Task statement:
Pictures are to be dropped from the copy. Retype the listing exactly.

Given data:
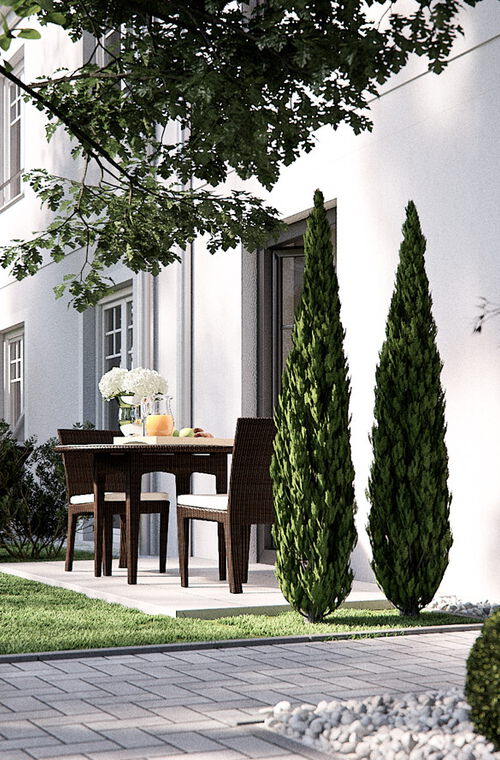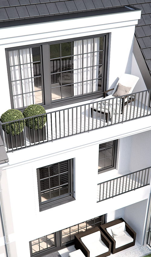 Mit viel Herzblut und Liebe zum Detail wurde das Neubauvorhaben - in Zusammenarbeit mit einem renommierten Münchner Architekturbüro - entworfen und geplant. Schon die unverwechselbare, zeitlos schöne Fassade der Häuser spricht für sich. Auch die einladenden Haustüren, die herrlichen Terrassen und Balkone, die großen Dachgauben und viele weitere, geschmackvolle Details tragen zum stimmigen Gesamtambiente des Ensembles bei. Durch eine perfekte Grundrissplanung mit lichtdurchfluteten Räumen, große Fenster mit niedrigen Brüstungshöhen oder den optionalen Kaminanschluss wird jedes Stadthaus selbst überdurchschnittlichen Ansprüchen gerecht.
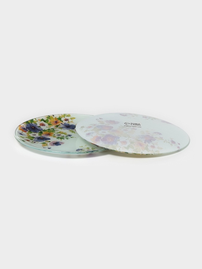 Набор тарелок стеклянных Доляна «Романтичный киви», 19 предметов: 6 десертных тарелок, 6 обеденных тарелок, 6 мисок, салатник
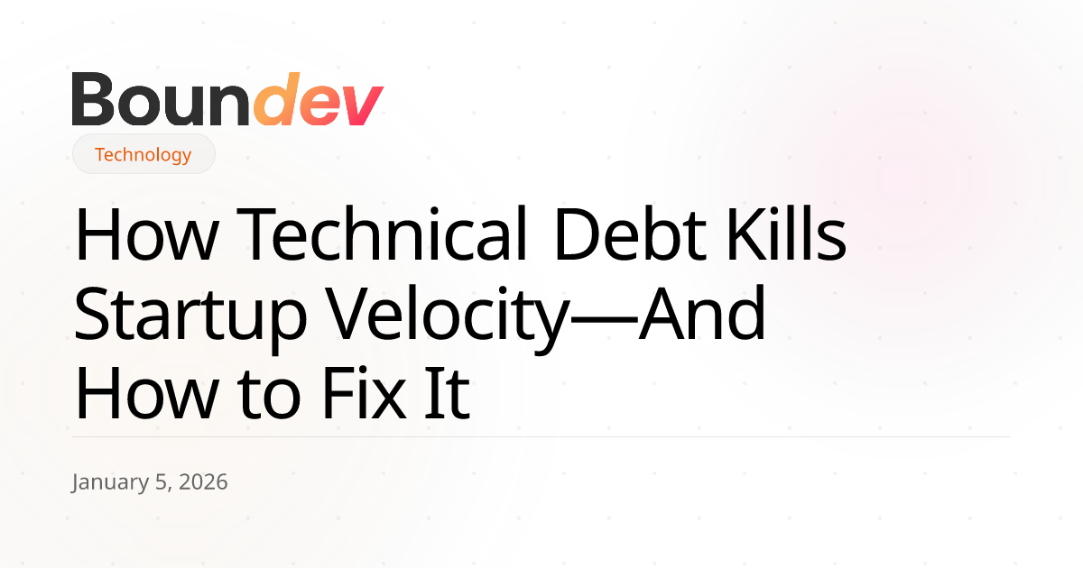 At Boundev, we help startups break free from the tech debt trap while maintaining the speed they need to compete. This guide covers why technical debt hurts growth, how to identify the biggest problem areas, and strategies to fix them without grinding development to a halt.
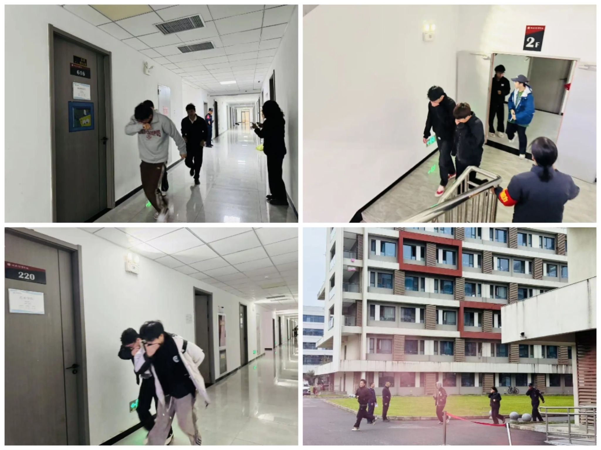 随着疏散指令发出,学生们在辅导员、安保人员等引导下,遵循“先下后上、分层疏散”原则,以湿毛巾捂口鼻、弯腰低姿的规范动作,从1号公寓4个安全出口及两侧消防楼梯有序撤离,错峰分流避免拥堵,快速集结至餐厅东侧、南侧临时集合点,各班级迅速清点人数并上报。
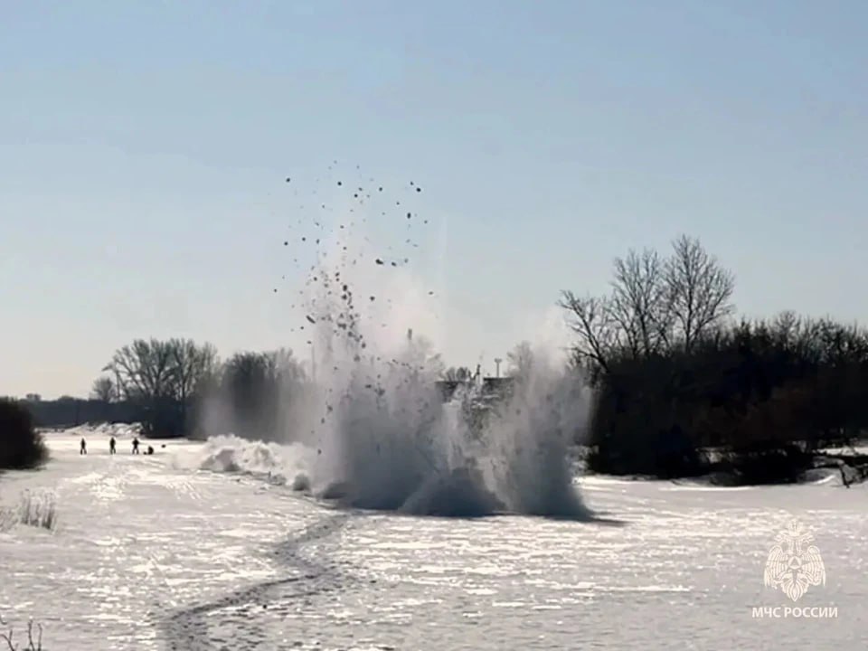 Сотрудники областной Поисково-спасательной службы начали взрывать лед на реке Нижний Тогузак в селе Варна. Это делают, чтобы предотвратить появление заторов и подтопление жилых зон.

Reply to the task:
 Mit viel Herzblut und Liebe zum Detail wurde das Neubauvorhaben - in Zusammenarbeit mit einem renommierten Münchner Architekturbüro - entworfen und geplant. Schon die unverwechselbare, zeitlos schöne Fassade der Häuser spricht für sich. Auch die einladenden Haustüren, die herrlichen Terrassen und Balkone, die großen Dachgauben und viele weitere, geschmackvolle Details tragen zum stimmigen Gesamtambiente des Ensembles bei. Durch eine perfekte Grundrissplanung mit lichtdurchfluteten Räumen, große Fenster mit niedrigen Brüstungshöhen oder den optionalen Kaminanschluss wird jedes Stadthaus selbst überdurchschnittlichen Ansprüchen gerecht.
 Набор тарелок стеклянных Доляна «Романтичный киви», 19 предметов: 6 десертных тарелок, 6 обеденных тарелок, 6 мисок, салатник
 At Boundev, we help startups break free from the tech debt trap while maintaining the speed they need to compete. This guide covers why technical debt hurts growth, how to identify the biggest problem areas, and strategies to fix them without grinding development to a halt.
 随着疏散指令发出,学生们在辅导员、安保人员等引导下,遵循“先下后上、分层疏散”原则,以湿毛巾捂口鼻、弯腰低姿的规范动作,从1号公寓4个安全出口及两侧消防楼梯有序撤离,错峰分流避免拥堵,快速集结至餐厅东侧、南侧临时集合点,各班级迅速清点人数并上报。
 Сотрудники областной Поисково-спасательной службы начали взрывать лед на реке Нижний Тогузак в селе Варна. Это делают, чтобы предотвратить появление заторов и подтопление жилых зон.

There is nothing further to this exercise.